Sur les deux innovations majeures du RGPD, la CNIL peut se réjouir de voir les choses avancer. Ainsi, 600 notifications de violations de données ont été reçues concernant 15 millions de personnes. Cela représente une moyenne de sept notifications par jour depuis le 25 mai 2018. 24 500 organisations ont désigné un délégué à la protection des données (DPD ou DPO, digital privacy officer) mais, la fonction pouvant être externalisée et mutualisée, la CNIL enregistre seulement 13 000 DPO, soit une moyenne de presque deux organisations par DPO (mais une telle moyenne a-t-elle un sens ?). La progression est cependant fulgurante par rapport à la situation pré-RGPD puisque la CNIL n’enregistrait que 5000 CIL (correspondant Informatique et Liberté), le précurseur du DPO en période pré-RGPD. Notons cependant que le cadre formel de certification des DPO n’est toujours pas finalisé et devrait l’être sous peu.

Les particuliers se rebiffent

De même, les évolutions procédurales sont bien connues. Ainsi, les fichiers sensibles, qui disposent désormais d’un régime spécifique, sont bien identifiés par les organisations concernées. Ainsi, la CNIL indique avoir reçu une centaine de demande d’autorisations pour des fichiers de données personnelles de santé, notamment en matière de recherche. Les foires aux questions de la CNIL ont vu leur fréquentation s’accroître de 83 % et le nombre d’appels téléphoniques augmenter de 45 %. Le site de la CNIL a reçu en quatre mois trois millions de visites et le modèle de registre simplifié proposé par la CNIL a été téléchargé 150 000 fois.

Si les organisations sont globalement conscientes de leurs nouvelles obligations, les particuliers sont, eux, bien informés de leurs nouveaux droits. Ainsi, la CNIL a reçu 64 % de plaintes en plus par rapport à la même période l’an passé (3767 contre 2294). Des plaintes collectives ont été déposées par deux associations : la Quadrature du Net (contre google, Amazon, Facebook, LinkedIn et Apple) et NOYB (contre Google). 200 plaintes transfrontalières sont en cours de traitement, la France étant concernée dans la plupart des cas. La question majeure soulevée est celui du consentement au traitement des données personnelles, en particulier dans le cas des mineurs.

Le cadre juridique continue d’évoluer

Pour coordonner l’action des différentes autorités de contrôle nationales (comme la CNIL en France), le RGPD a mis en place le Contrôleur européen de la protection des données (CEPD), qui remplace le G29. Pour rendre le RGPD plus concret et guider les organisations dans leur mise en conformité de manière uniforme dans toute l’Europe, le CEPD a défini 18 lignes directrices et sept supplémentaires sont en cours d’élaboration. La CNIL a également soumis au CEPD une liste de traitements devant faire l’objet de la fameuse analyse d’impact sur les données personnelles (AIPD) et travaille à une doctrine sur les véhicules connectés avec l’objectif de faire adopter une position commune européenne. Outre ses réunions (deux durant l’été), le CEPD peut aussi compter sur une nouvelle plate-forme informatique d’échanges entre ses membres.

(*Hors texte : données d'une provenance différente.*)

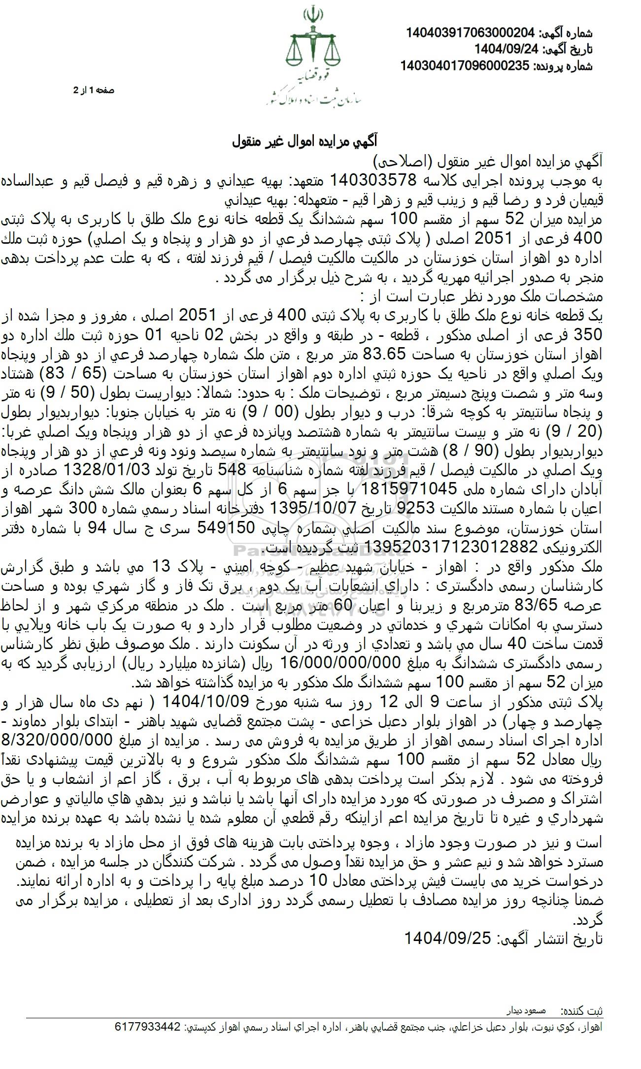 یک قطعه خانه نوع ملک طلق با کاربری به پلاک ثبتی 400 فرعی از 2051 اصلی، مغرور و مجزا شده از 350 فرعی از اصلی مذکور، قطعه - در طبقه و واقع در بخش 02 ناحیه 01 حوزه ثبت ملک اداره دو اهواز استان خوزستان به مساحت 83.65 متر مربع ، متن ملک شماره چهار صد فرعی از دو هزار و پنجاه و یک اصلی واقع در ناحیه یک حوزه ثبتی اداره دوم اهواز استان خوزستان به مساحت (65 . 83) هشتاد و سه متر و شصت و پنج دسیمتر مربع ، توضیحات ملک : به حدود شمالا دیواریست بطول (50) . (9) نه متر و پنجاه سانتیمتر به کوچه شرقا درب و دیوار بطول (00 . (9) نه متر به خیابان جنوبا دیوار بدیوار بطول 20 . 9 نه متر و بیست سانتیمتر به شماره هشتصد و پانزده فرعی از دو هزار وپنجاه و یک اصلی غربا دیوار بدیوار بطول 90 . (8) هشت متر و نود سانتیمتر به شماره سیصد و نود و نه فرعی از دو هزار و پنجاه و یک اصلی در مالکیت فیصل . قیم فرزند لفته شماره شناسنامه 548 تاریخ تولد 1328.01.03 صادره از آبادان دارای شماره ملی 1815971045 با جز سهم 6 از کل سهم 6 بعنوان مالک شش دانگ عرصه و اعیان با شماره مستند مالکیت 9253 تاریخ 1395.10.07 دفترخانه اسناد رسمی شماره 300 شهر اهواز استان خوزستان موضوع سند مالکیت اصلی بشماره چاپی 549150 سری ج سال 94 با شماره دفتر الکترونیکی 139520317123012882 ثبت گردیده است.

La CNIL indique également que la lisibilité du cadre juridique national devrait être accrue par une ordonnance prise d’ici six mois. Celle-ci clarifiera une situation issue de modifications de la Loi Informatique et Liberté et de son décret d’application prises uniquement pour assurer une conformité du cadre réglementaire national avec le RGPD et la directive « Police-Justice » pour les fichiers contenant des informations de la sphère pénale. La CNIL continue également de travailler en co-construction avec les professionnels concernés à des référentiels sectoriels (en cours : gestion des clients et prospects, ressources humaines, vigilances sanitaires). Un règlement type pour les traitements biométriques est également en cours d’écriture, tout comme certains codes de conduite. MOOC et fiches pratiques vont également se multiplier sur le site web de la CNIL.